TheMysticMasseuse Fri 23-Oct-09 13:16:54

Hi Cristina, my favourite Naipaul book is A House for Mr Biswas but that wasn't as snappy a screen name

ok so yes, work may not be central to our sense of self-worth but it is essential and I think while in many ways you are saying the unsayable and in that sense your honesty ought to be welcome, you are threading a very very fine line between asserting the uniqueness of women and a good old reactionary view that women should jsut shut up and stay home.

InmyheadIminParis Fri 23-Oct-09 13:17:54

Of course they should - but if you believe that, then you have to agree that a career is important to many women. Women want to be able to balance the care of their children and their interest in the workplace. They want to be valued for the work they do, even if its for fewer hours than women with out children. They want their careers to progress, not stall. The 'problem' is that many (most?) women are prepared to sacrifice their career progression to ensure they can spend time with their children. It's not that they want to do it, it's that they're prepared to make the sacrifice.

onebatmother Fri 23-Oct-09 13:18:16

Ahem. Finding it almost impossible to juggle the expectation that we will both work, and bring up children with care and thought is NOT the same thing as not wanting to work, I wouldn't say.

Where are the men?

It's pretty simple.

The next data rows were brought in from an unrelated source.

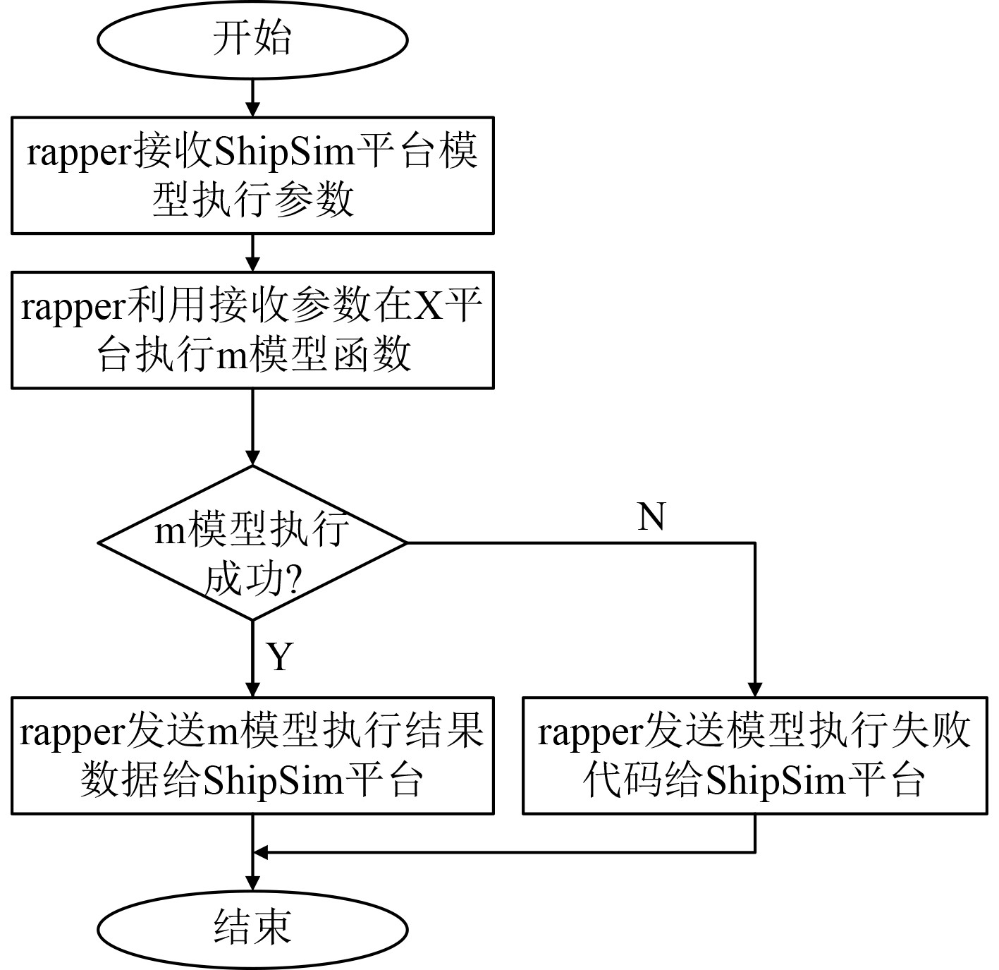 X平台m模型rapper的执行流程如图4所示。执行过程为:X平台m模型的rapper通过UDP服务接收到ShipSim平台发送的模型执行参数,rapper利用m模型参数在m模型的原始运行环境X平台下执行m模型,如果m模型执行失败则发送执行失败代码给ShipSim平台,如果m模型执行成功,则rapper获取m模型的执行结果数据并发送给ShipSim平台。
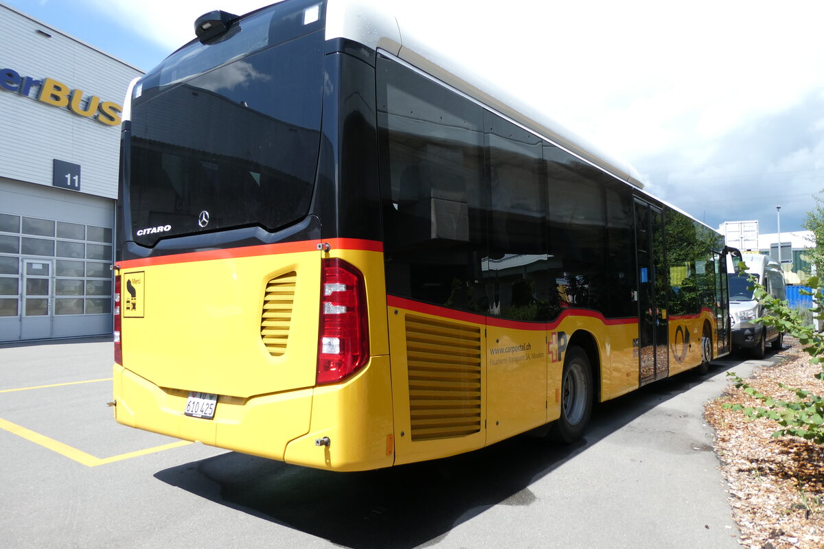 (278'388) - CarPostal Ouest - VD 610'425/PID 10'606 - Mercedes (ex Faucherre, Moudon) am 2. August 2025 in Kerzers, Interbus
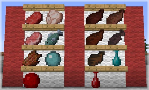 上面依次是:钻石、绿宝石、烈焰粉、石英、红石、青金石、光滑宝石、苔藓球、熔岩水晶、咒骨、腐烂蛛眼以及神圣土。
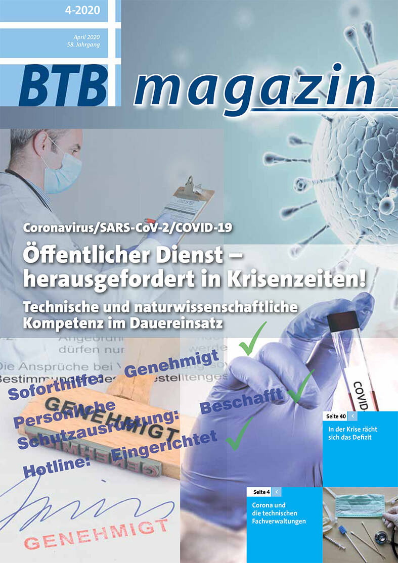 Das bundesweit erscheinende BTB Magazin informiert 10 Mal im Jahr über aktuelle Themen und Aktivitäten der Landesbünde, von neuen Entwicklungen auf Bundesebene und berichtet von Ergebnissen aus der Gremienarbeit. Zudem gibt es regelmäßig fachliche Themenschwerpunkte aus den technischen Fachverwaltungen.

When working men work as hard in the home as working women do, it's all.. doable.

CristinaOdone Fri 23-Oct-09 13:19:02

AitchTwoToTangOh you asked me about Lorenzo, my half brother who was diagnosed with adrenoleukodystrophy when he was six. My father and stepmother decided to find a curefor him, and discovered Lorenzo's Oil(they made a Hollywood film about their story), which didn't cure him (he died last year) but which did keep him with us until he was 33... a tragedy like that can bind the family closer but it can also shake up your beliefs -- in my case, I had a difficult time reconciling the kind God of my catholic upbringing with one who could allow this to happen to a little six year old boy... still do...

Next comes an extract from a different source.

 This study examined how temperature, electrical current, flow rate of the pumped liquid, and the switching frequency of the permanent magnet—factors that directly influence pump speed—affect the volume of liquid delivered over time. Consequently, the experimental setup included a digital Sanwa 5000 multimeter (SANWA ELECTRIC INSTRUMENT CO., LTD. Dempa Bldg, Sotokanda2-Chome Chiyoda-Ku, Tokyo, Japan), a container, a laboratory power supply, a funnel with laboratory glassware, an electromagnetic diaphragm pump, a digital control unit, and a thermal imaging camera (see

onebatmother Fri 23-Oct-09 13:20:40

Very sorry to hear that news CO.

TheMysticMasseuse Fri 23-Oct-09 13:21:28

btw i should add that i work p-t in a job i love so i consider to have the perfect work life balance and i appreciate how enormously lucky i am. still between not working at all and giving up my chance to contribute to society (and yes you do contribute as a mother but i know i can do a lot more than that) and working FT i'd go FT

Northernlurker Fri 23-Oct-09 13:21:29

The yougov survey asked about women working though and made no distinction between 'job' and 'career'. I work full time and have what I would describe as a 'career' but I can also manage to love and care for my family. What would imo be really stupid is to do a job below the level at which I can excel just to have more space in my head to think about my laundry and after school activities.